Records for processing: Begin
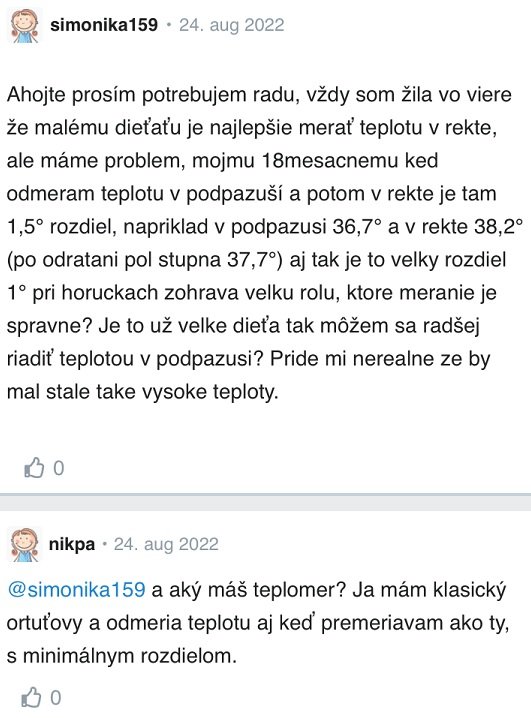 Viaceré mamičky považujú digitálne teplomery za nepresné. Meranie pod pazuchou je vhodné pre deti vo veku od zhruba 3 až 4 rokov. Niektoré mamičky praktizujú aj meranie pod pazuchou dieťaťa, čo si však vyžaduje jeho spoluprácu, inak je meranie nehodnoverné. Taktiež pri meraní cez rektálny otvor mamičky odporúčajú špičku namazať a hľadať teplomery s ohybnou a mäkkou špičkou.
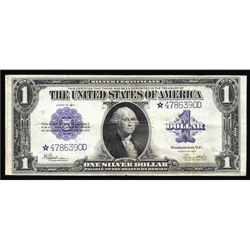 <B>Fr. 237* $1 1923 Silver Certificate Star Very Fine.</B></I> The face and back plate numbers for this seven-digit $1 Silver Star slipped through the Murray dragnet. A trace of embossing remains for the left-hand serial number, while a back quarter panel shows light soiling. All Large Size collections deserve at least one nice Star for type.
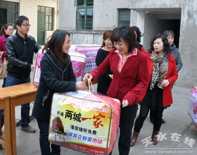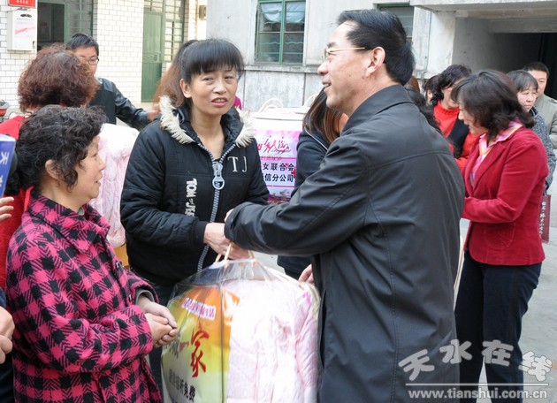 今日是“三八”婦女節(jié),天水市政府副市長楊建瑩、市政協(xié)副主席雷傳昌帶領(lǐng)市政府辦公室、市婦聯(lián)、市委農(nóng)工部、天水移動分公司等有關(guān)單位負(fù)責(zé)人,深入秦州區(qū)慰問農(nóng)村留守婦女及貧困母親,向她們送去了節(jié)日的問候與祝福。
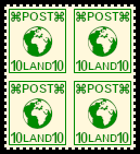 Viererblock mit fehlender Zähnung in der Mitte: Bogenteil das durch eine Fehlleistung zwischen den Marken ohne Zähnung geblieben ist |
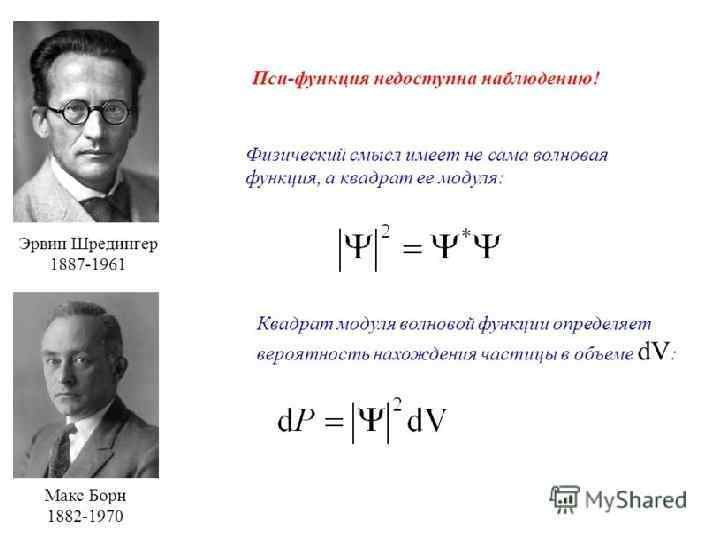 Статистический характер квантового описания природы Из-за принципа неопределенностей, описание объектов квантового микромира носит иной характер, нежели привычное описание объектов ньютоновского макромира. Вместо пространственных координат и скорости, которыми привыкли описывать механическое движение, в квантовой механике объекты описываются, так называемой, волновой функцией. Гребень «волны» соответствует максимальной вероятности нахождения частицы в пространстве в момент измерения. Движение такой волны описывается уравнением Шрёдингера, которое и говорит нам, как изменяется со временем состояние квантовой системы.
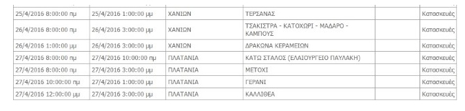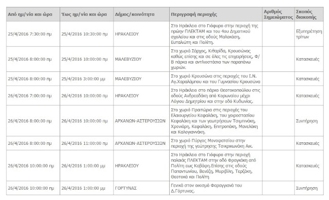 Σε προγραμματισμένες διακοπές ρεύματος προχωρεί η ΔΕΗ σήμερα, Μ. Δευτέρα 25 Απριλίου, και τη Μ. Τρίτη σε διάφορους δήμους των Νομών Ηρακλείου και Χανίων Κρήτης. Οι περισσότερες από τις διακοπές αυτές στην ηλεκτροδότηση αφορούν σε κατασκευαστικές εργασίες και σε εργασίες συντήρησης του δικτύου της ΔΕΗ.
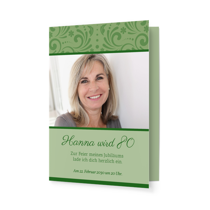 Einladungskarte 80. Geburtstag Elegante Zierde in Grün
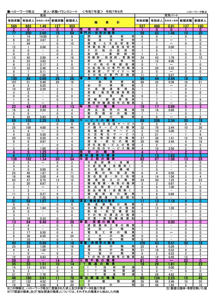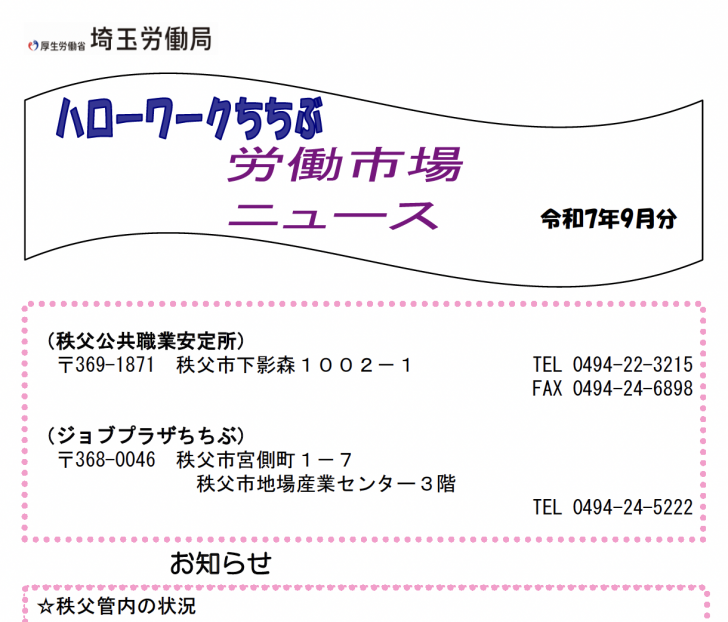 『秩父地域の求職・求人状況』令和7年9月分をご案内いたします。
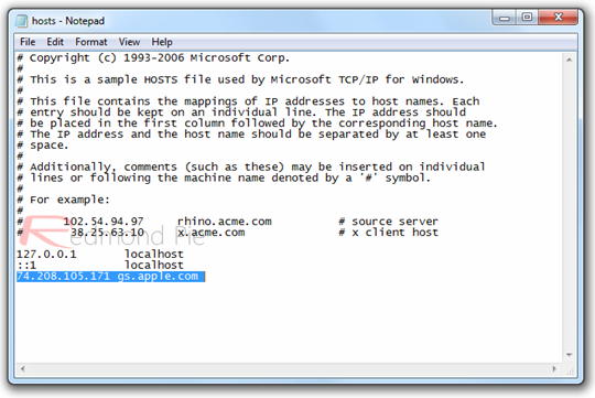 Once you’re done with this, the last thing you’re going to do is remove the line you added to the “host” file in step 3, which is 74.208.105.171 gs.apple.com in order to receive updates from Apple’s servers normally.
Records for processing: End
§ Assigned task: Your copy should be the entries retyped exactly, with no images in it.

§ Solution to this exercise:
 Viaceré mamičky považujú digitálne teplomery za nepresné. Meranie pod pazuchou je vhodné pre deti vo veku od zhruba 3 až 4 rokov. Niektoré mamičky praktizujú aj meranie pod pazuchou dieťaťa, čo si však vyžaduje jeho spoluprácu, inak je meranie nehodnoverné. Taktiež pri meraní cez rektálny otvor mamičky odporúčajú špičku namazať a hľadať teplomery s ohybnou a mäkkou špičkou.
 <B>Fr. 237* $1 1923 Silver Certificate Star Very Fine.</B></I> The face and back plate numbers for this seven-digit $1 Silver Star slipped through the Murray dragnet. A trace of embossing remains for the left-hand serial number, while a back quarter panel shows light soiling. All Large Size collections deserve at least one nice Star for type.
 今日是“三八”婦女節(jié),天水市政府副市長楊建瑩、市政協(xié)副主席雷傳昌帶領(lǐng)市政府辦公室、市婦聯(lián)、市委農(nóng)工部、天水移動分公司等有關(guān)單位負(fù)責(zé)人,深入秦州區(qū)慰問農(nóng)村留守婦女及貧困母親,向她們送去了節(jié)日的問候與祝福。
 Viererblock mit fehlender Zähnung in der Mitte: Bogenteil das durch eine Fehlleistung zwischen den Marken ohne Zähnung geblieben ist |
 Статистический характер квантового описания природы Из-за принципа неопределенностей, описание объектов квантового микромира носит иной характер, нежели привычное описание объектов ньютоновского макромира. Вместо пространственных координат и скорости, которыми привыкли описывать механическое движение, в квантовой механике объекты описываются, так называемой, волновой функцией. Гребень «волны» соответствует максимальной вероятности нахождения частицы в пространстве в момент измерения. Движение такой волны описывается уравнением Шрёдингера, которое и говорит нам, как изменяется со временем состояние квантовой системы.
 Σε προγραμματισμένες διακοπές ρεύματος προχωρεί η ΔΕΗ σήμερα, Μ. Δευτέρα 25 Απριλίου, και τη Μ. Τρίτη σε διάφορους δήμους των Νομών Ηρακλείου και Χανίων Κρήτης. Οι περισσότερες από τις διακοπές αυτές στην ηλεκτροδότηση αφορούν σε κατασκευαστικές εργασίες και σε εργασίες συντήρησης του δικτύου της ΔΕΗ.
 Einladungskarte 80. Geburtstag Elegante Zierde in Grün
 『秩父地域の求職・求人状況』令和7年9月分をご案内いたします。
 Once you’re done with this, the last thing you’re going to do is remove the line you added to the “host” file in step 3, which is 74.208.105.171 gs.apple.com in order to receive updates from Apple’s servers normally.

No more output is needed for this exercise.